• Material for the task:
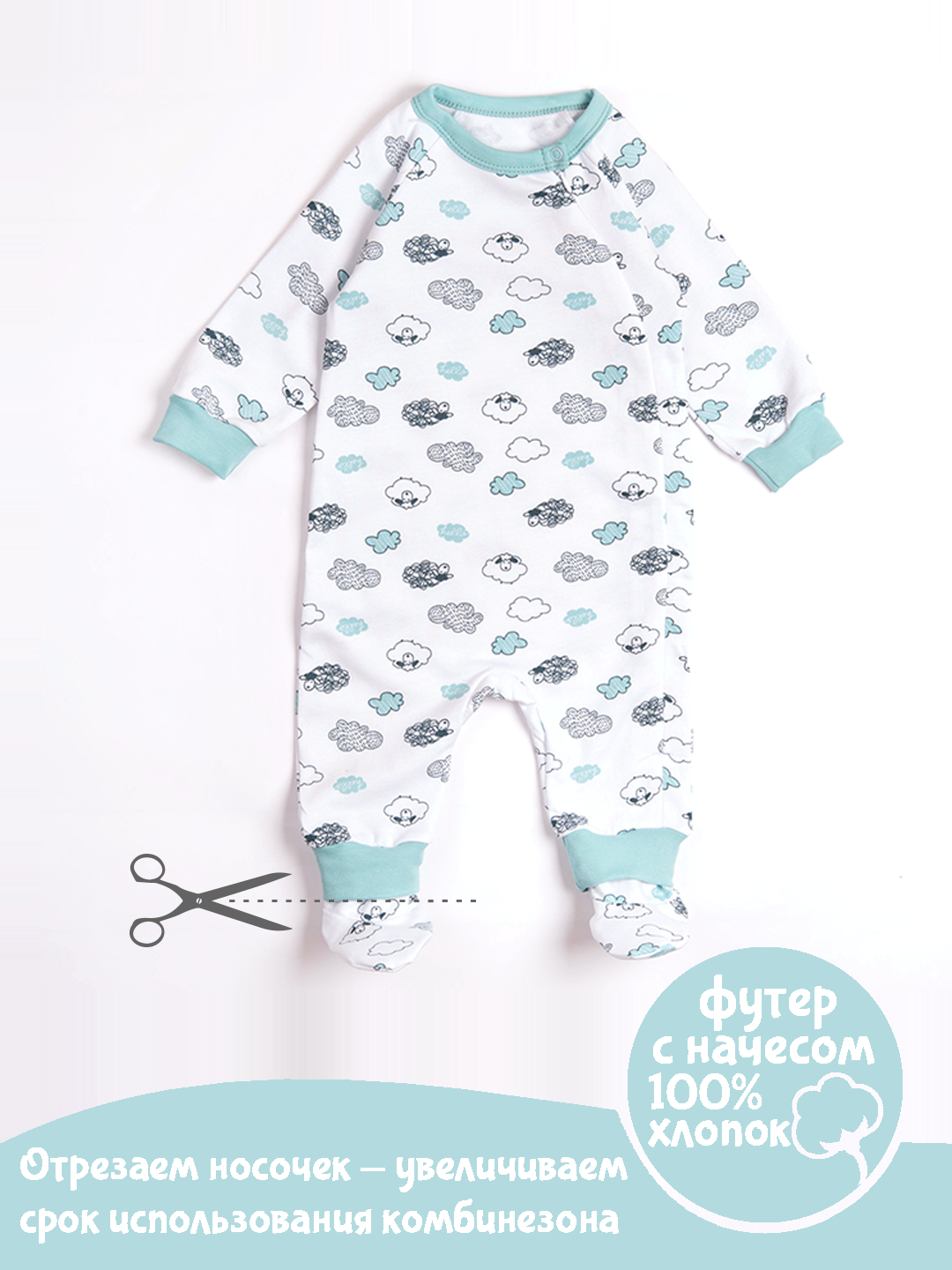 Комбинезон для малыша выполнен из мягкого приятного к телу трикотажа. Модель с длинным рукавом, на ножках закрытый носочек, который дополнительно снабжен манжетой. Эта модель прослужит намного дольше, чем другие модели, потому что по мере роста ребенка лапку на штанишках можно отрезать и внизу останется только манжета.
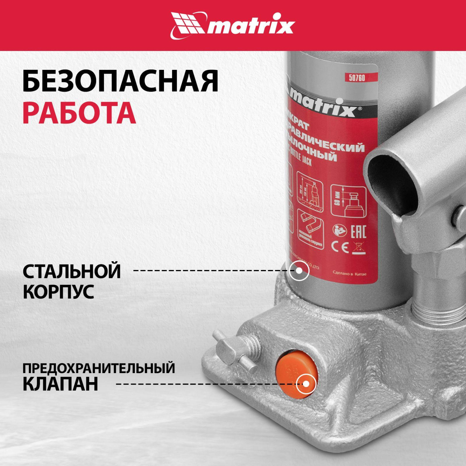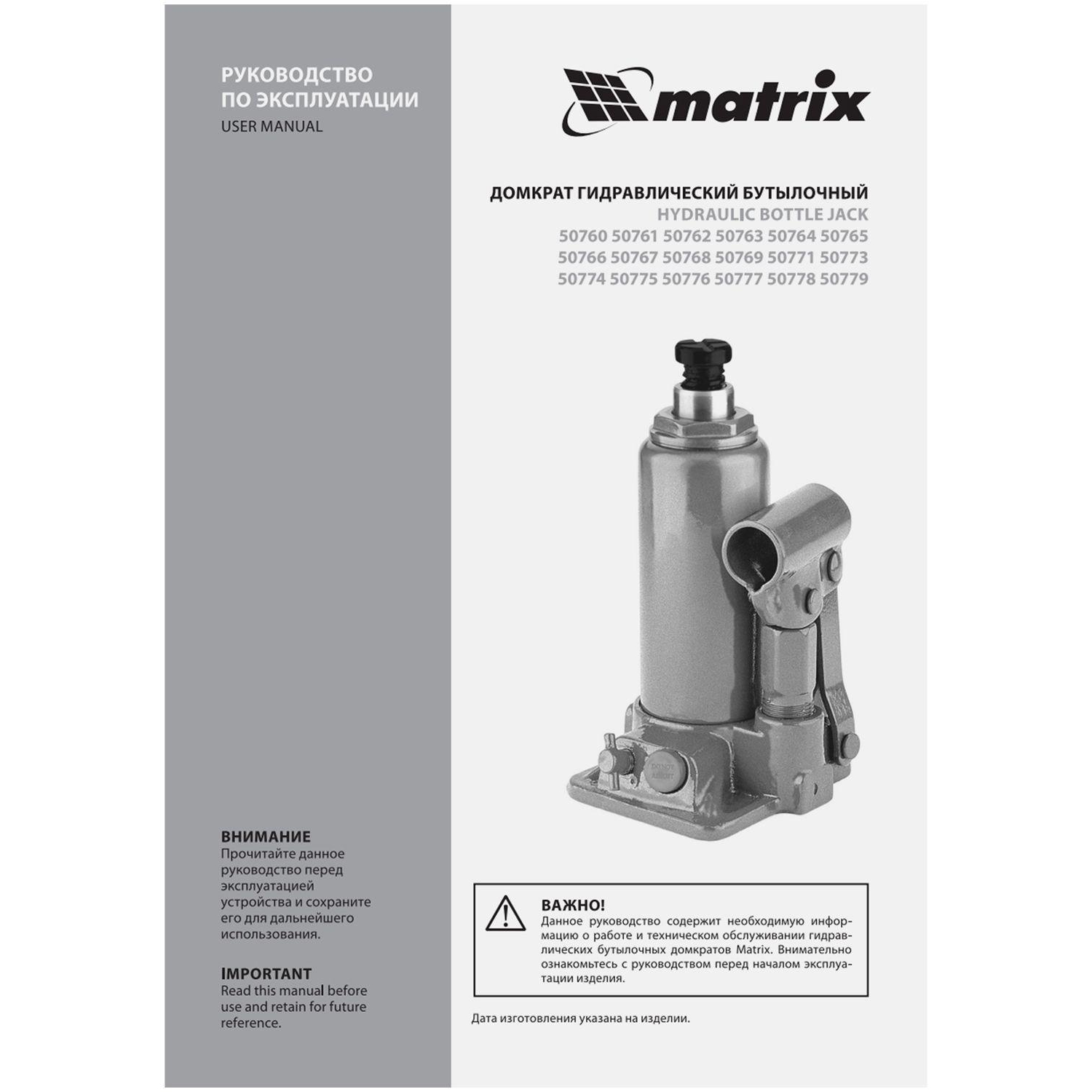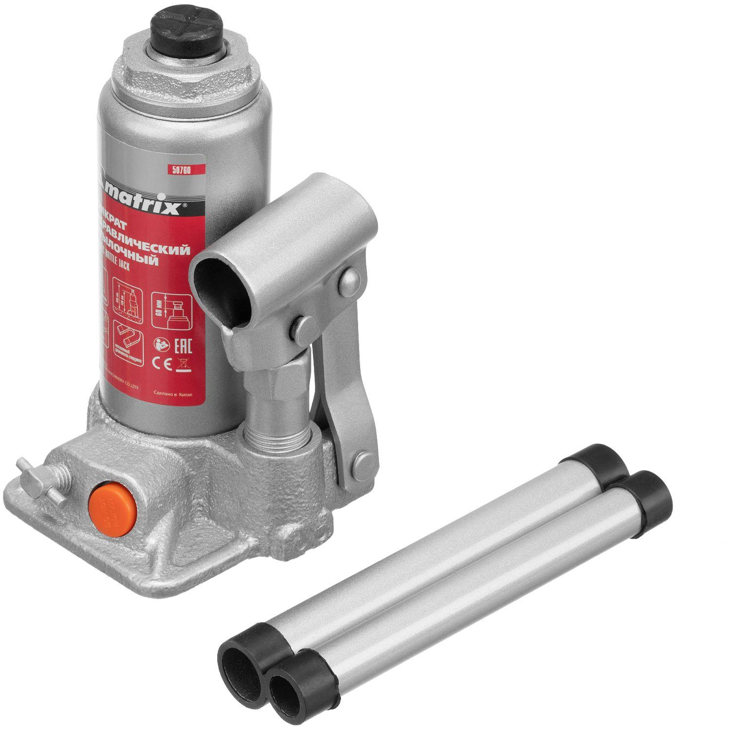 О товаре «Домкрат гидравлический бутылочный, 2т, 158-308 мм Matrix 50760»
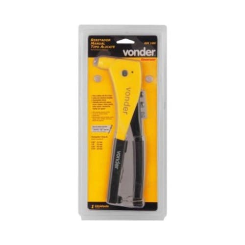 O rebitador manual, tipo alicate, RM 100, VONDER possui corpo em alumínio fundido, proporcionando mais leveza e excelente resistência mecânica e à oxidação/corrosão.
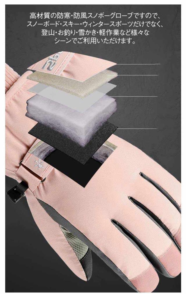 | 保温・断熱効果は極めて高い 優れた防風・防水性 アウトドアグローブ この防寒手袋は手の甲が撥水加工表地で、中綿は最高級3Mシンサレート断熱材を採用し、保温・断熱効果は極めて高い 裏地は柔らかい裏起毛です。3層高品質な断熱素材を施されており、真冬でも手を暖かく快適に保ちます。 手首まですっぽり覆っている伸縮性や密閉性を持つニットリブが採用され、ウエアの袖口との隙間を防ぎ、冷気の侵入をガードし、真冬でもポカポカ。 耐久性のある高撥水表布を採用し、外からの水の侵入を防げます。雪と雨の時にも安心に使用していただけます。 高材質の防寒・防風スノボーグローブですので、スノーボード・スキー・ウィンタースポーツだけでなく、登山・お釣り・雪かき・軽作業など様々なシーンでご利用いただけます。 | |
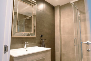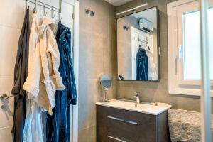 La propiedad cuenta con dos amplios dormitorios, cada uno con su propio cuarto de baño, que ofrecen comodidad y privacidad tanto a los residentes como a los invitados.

--

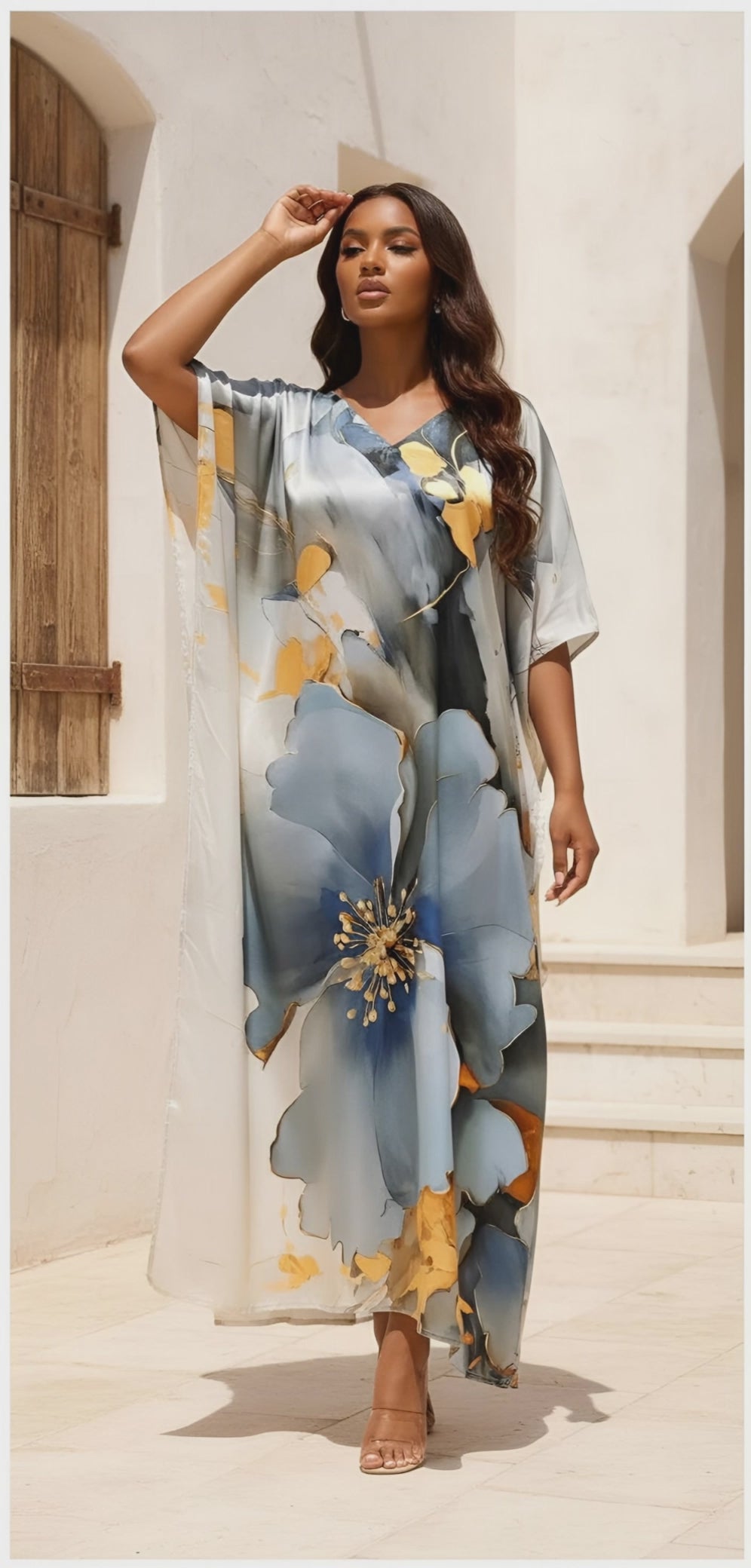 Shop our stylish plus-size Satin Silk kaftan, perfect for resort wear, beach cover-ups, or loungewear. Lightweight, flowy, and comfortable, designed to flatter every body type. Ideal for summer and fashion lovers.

• What you should do: Print everything from the line with "Комбинезон для малыша" down to the line with "O rebitador manual, tipo" in the entries above, both lines included and nothing more, without the pictures.

• Output for this exercise:
 Комбинезон для малыша выполнен из мягкого приятного к телу трикотажа. Модель с длинным рукавом, на ножках закрытый носочек, который дополнительно снабжен манжетой. Эта модель прослужит намного дольше, чем другие модели, потому что по мере роста ребенка лапку на штанишках можно отрезать и внизу останется только манжета.
 О товаре «Домкрат гидравлический бутылочный, 2т, 158-308 мм Matrix 50760»
 O rebitador manual, tipo alicate, RM 100, VONDER possui corpo em alumínio fundido, proporcionando mais leveza e excelente resistência mecânica e à oxidação/corrosão.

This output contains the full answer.